Strong's solution is hardly draconian: Add a layer of management, cut costs, and abolish redundant jobs through attrition. "Underwhelming," grouses Morris Abram, president of Geneva-based U.N. Watch.

While that controversy rages, Strong is up to his eyeballs in Molten Metal Technology, a busted handler of hazardous waste notorious for its flaky technology and ties to presidential hopeful Al Gore (FORBES, Jan. 22, 1996 and Apr. 21, 1997). A big contributor to Gore's campaigns, Molten Metals has surfaced in the Senate hearings on corrupt campaign financing.

A member of Molten's board, Strong sold some shares at around $31 apiece a month prior to the stock's October 1996 collapse. Today the stock is at 13 cents a share and Strong is being sued by San Diego class-action shark Milberg Weiss.

This mixture of do-goodism and obvious self-interest got his start in the oil business. By his 30s he had made millions in small energy companies, rising to become president of Power Corporation, a Montreal holding company. In 1976 he ran Petro Canada, the national oil company.

By 1981 he had moved on to Denver oil promoter AZL Resources, where, as chairman and the largest shareholder, he was sued for allegedly hyping the stock ahead of a merger that eventually failed. Strong says he settled for $4.2 million at the insistence of his insurance company.

Nonetheless Strong came out a winner. AZL, which owned a number of western ranches, merged with oil refiner Tosco Corp. in 1983. Tosco unloaded some AZL ranch land at fire sale prices, and Strong got the Baca Ranch-160,000 acres in south central Colorado. Today Baca houses the Manitou Foundation.

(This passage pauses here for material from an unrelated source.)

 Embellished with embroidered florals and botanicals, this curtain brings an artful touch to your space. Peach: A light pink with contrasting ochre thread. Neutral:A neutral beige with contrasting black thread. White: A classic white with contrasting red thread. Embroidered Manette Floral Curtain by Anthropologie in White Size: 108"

Back at the ranch he started American Water Development Inc. to grow high-protein grains. Soon the plan became a scheme to pump water from under Baca to Denver suburbs, an idea that the locals said would harm the ecosystem. Caught between his reputation as an environmentalist and his pocketbook, Strong bailed. "My partners called me softheaded," he says.

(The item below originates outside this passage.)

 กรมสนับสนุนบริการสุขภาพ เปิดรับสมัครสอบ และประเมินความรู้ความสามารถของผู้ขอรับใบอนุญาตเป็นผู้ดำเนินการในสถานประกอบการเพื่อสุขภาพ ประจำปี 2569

His next major business venture was equally controversial. In 1992 he became chairman of Ontario Hydro, North America's largest utility. One of his stranger recommendations: that Hydro buy a 31,000-acre Costa Rican rain forest. Why? Strong said the deal was fair compensation for the harm Hydro was doing to the local environment. By happenstance he owned a hotel that catered to ecotourists in the same country.

So how did Strong come to be picked to reengineer the U.N.? The way we hear it, former secretary general Boutros Boutros-Ghali wanted to recruit someone close to the current Administration. Strong, Al Gore's pal, fit the bill. Boutros-Ghali was tossed out last year, but his successor, Kofi Annan, allowed Strong to stay on.

Strong says he doesn't want the U.N.'s head honcho's job. His mission, he says, is to save the planet from industry's depredations. Will the real Maurice Strong please stand up?